DEPTH – l’effetto tremolo, spiegato in parole semplici, agisce come un volume che si alza e si abbassa. Il controllo depth regola il range di apertura e chiusura del volume rendendo l’effetto più o meno udibile in base al livello a cui decidiamo di settare questo controllo.

 

CONCLUSIONI:

Il tremolo è un effetto che per molti anni è stato utilizzato quasi esclusivamente per colorare arpeggi di chitarra che facevano da tappeto sonoro di una canzone.

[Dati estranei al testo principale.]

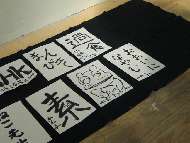 そこでは、「書初め展」をやっていて、見に来た方々が書初めをしていっているので、早速私たちも挑戦しました~!
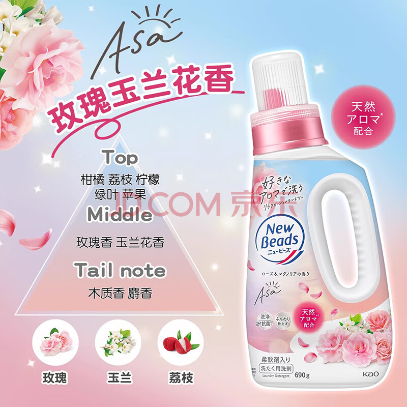 商品相册:花王(KAO)玫瑰洗衣液1.81kg 持久留香抗菌强效去渍深层洁净含柔顺护色第
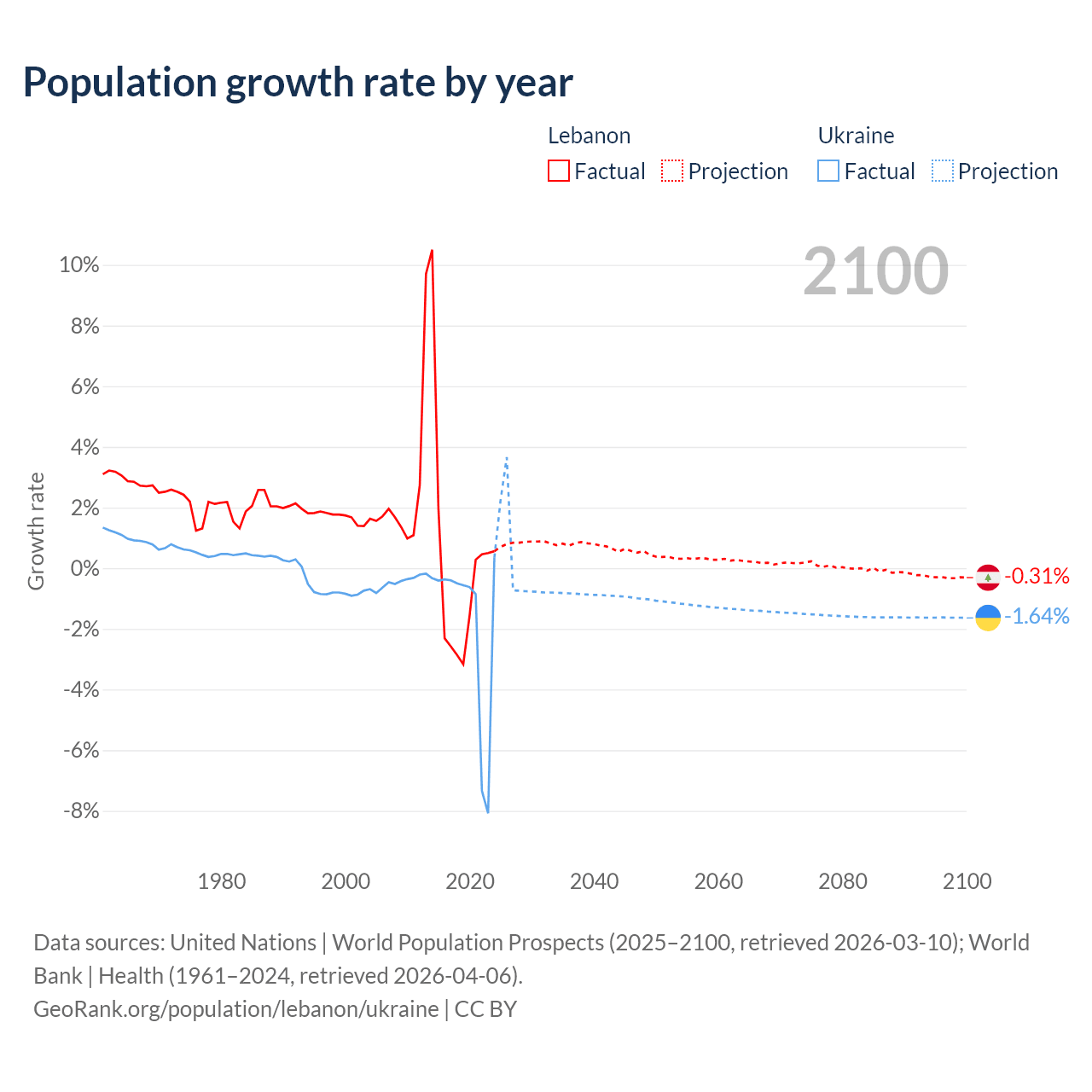 - For the last 10 years, Lebanon has had an average growth rate of +0.16% per year vs -1.74% in Ukraine.

Negli anni però, molti chitarristi hanno cominciato ad utilizzarlo anche per ritmiche più corpose e parti solistiche.

In questo senso, un ruolo importante l’ha giocato l’evoluzione dell’effetto verso il mondo digitale, grazie al quale le possibilità di regolazione si sono notevolmente ampliate rispetto i tremoli vintage.

Come sempre però, tra moderno e vintage resta il “nodo” suono, tra chi preferisce il tremolo caldo degli amplificatori, chi si affida alle loro attuali repliche e chi preferisce la versatilità dei tremoli digitali odierni.

Come sempre quindi, a voi la scelta!